Lafrentz makes nearly $36 million over the next three years, and is a rapidly declining player. How many teams are willing to deal impact players for shooting guards with shooting problems (both literally and metaphorically) and low lottery picks in weak drafts and take back a $35 million deal in the bargain? Basically, if they're dealing Lafrentz then they're paying a premium to get rid of him, and all they're getting back is cheaper flotsam.


----------



## whiterhino (Jun 15, 2003)

ehmunro said:


> Lafrentz makes nearly $36 million over the next three years, and is a rapidly declining player. How many teams are willing to deal impact players for shooting guards with shooting problems (both literally and metaphorically) and low lottery picks in weak drafts and take back a $35 million deal in the bargain? Basically, if they're dealing Lafrentz then they're paying a premium to get rid of him, and all they're getting back is cheaper flotsam.

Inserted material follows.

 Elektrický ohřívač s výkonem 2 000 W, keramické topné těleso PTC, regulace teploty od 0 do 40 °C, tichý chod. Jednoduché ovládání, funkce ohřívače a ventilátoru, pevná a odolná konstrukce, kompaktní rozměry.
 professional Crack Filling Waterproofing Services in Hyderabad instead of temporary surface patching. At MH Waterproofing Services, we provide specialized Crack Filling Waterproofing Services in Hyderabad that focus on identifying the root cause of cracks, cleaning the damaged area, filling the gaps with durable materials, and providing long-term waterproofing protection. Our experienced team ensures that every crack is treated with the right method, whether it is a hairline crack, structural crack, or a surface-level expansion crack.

There is a way to get a deal done if a team wants young talents bad enough and there is always Al too which many teams would bite at, although I'm hesitant to deal him at this point I almost think if it came between him and Gerald right now I'd keep Gerald but that could change on a dime.


----------



## Premier (Oct 30, 2003)

You cannot move LaFrentz's contract offering just Tony Allen and a first-round pick, unless you want to assume the contract of another albatross.


----------



## aquaitious (Jun 11, 2002)

Premier said:


> You cannot move LaFrentz's contract offering just Tony Allen and a first-round pick, unless you want to assume the contract of another albatross.

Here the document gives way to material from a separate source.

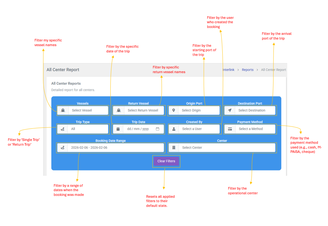 - Vessels: Filter by specific vessel names.
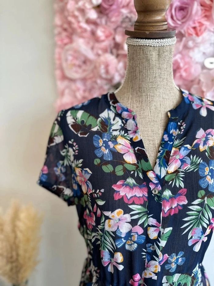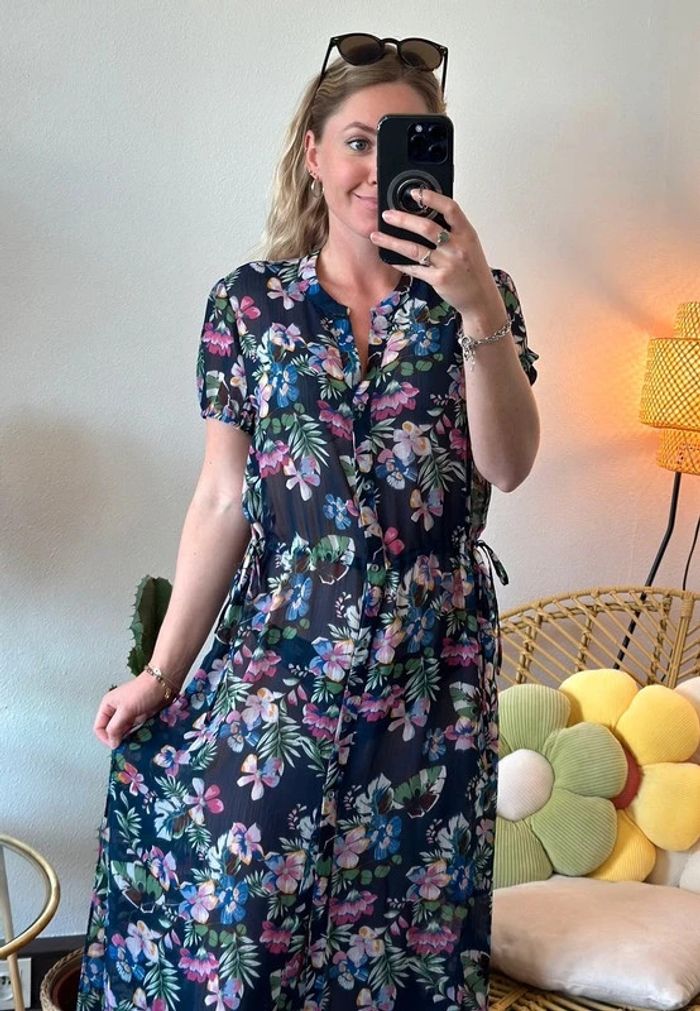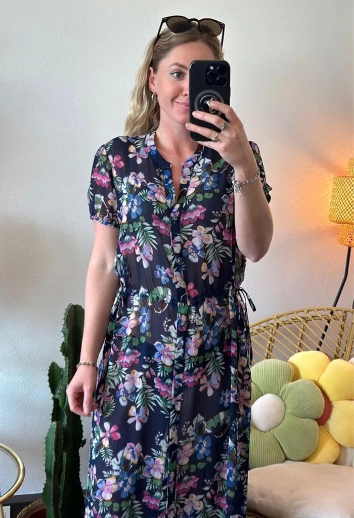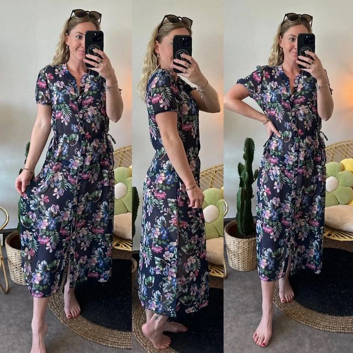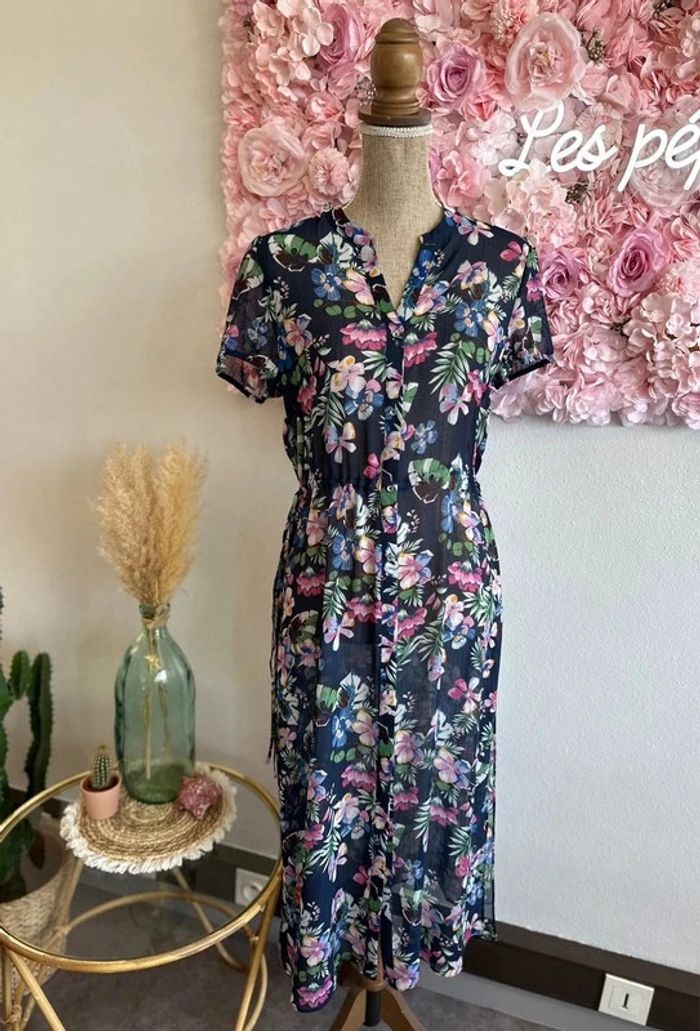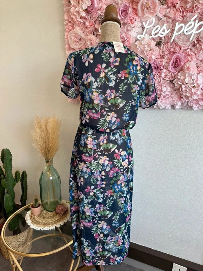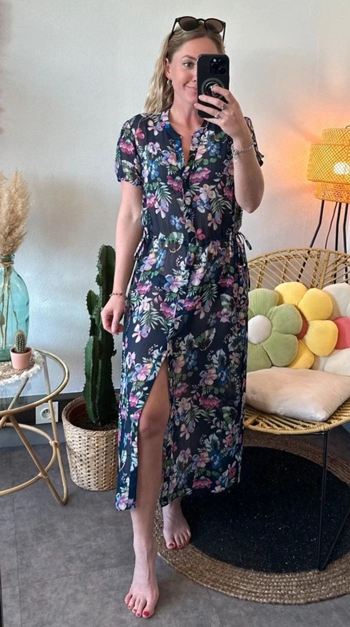 Idéale pour une journée en bord de mer ou une escapade citadine décontractée, cette robe polyvalente peut être portée avec un maillot de bain en dessous ou comme une robe classique avec une doublure. Confectionnée en toile de viscose légère, elle est dotée d’un lien ajustable sur le côté et d’ouvertures en bas et sur les deux côtés pour une liberté de mouvement optimale. En excellent état, elle mesure 120 cm de longueur et promet un look estival rafraîchissant.

We won't do that, we'll wait until Raef's on his last year, _then_ we'll trade him for a 5 year 60 million injured bum. 

(Take that Causeway, you Pro-Danny freak. :clown: )


----------



## E.H. Munro (Jun 22, 2004)

whiterhino said:


> There is a way to get a deal done if a team wants young talents bad enough and there is always Al too which many teams would bite at, although I'm hesitant to deal him at this point I almost think if it came between him and Gerald right now I'd keep Gerald but that could change on a dime.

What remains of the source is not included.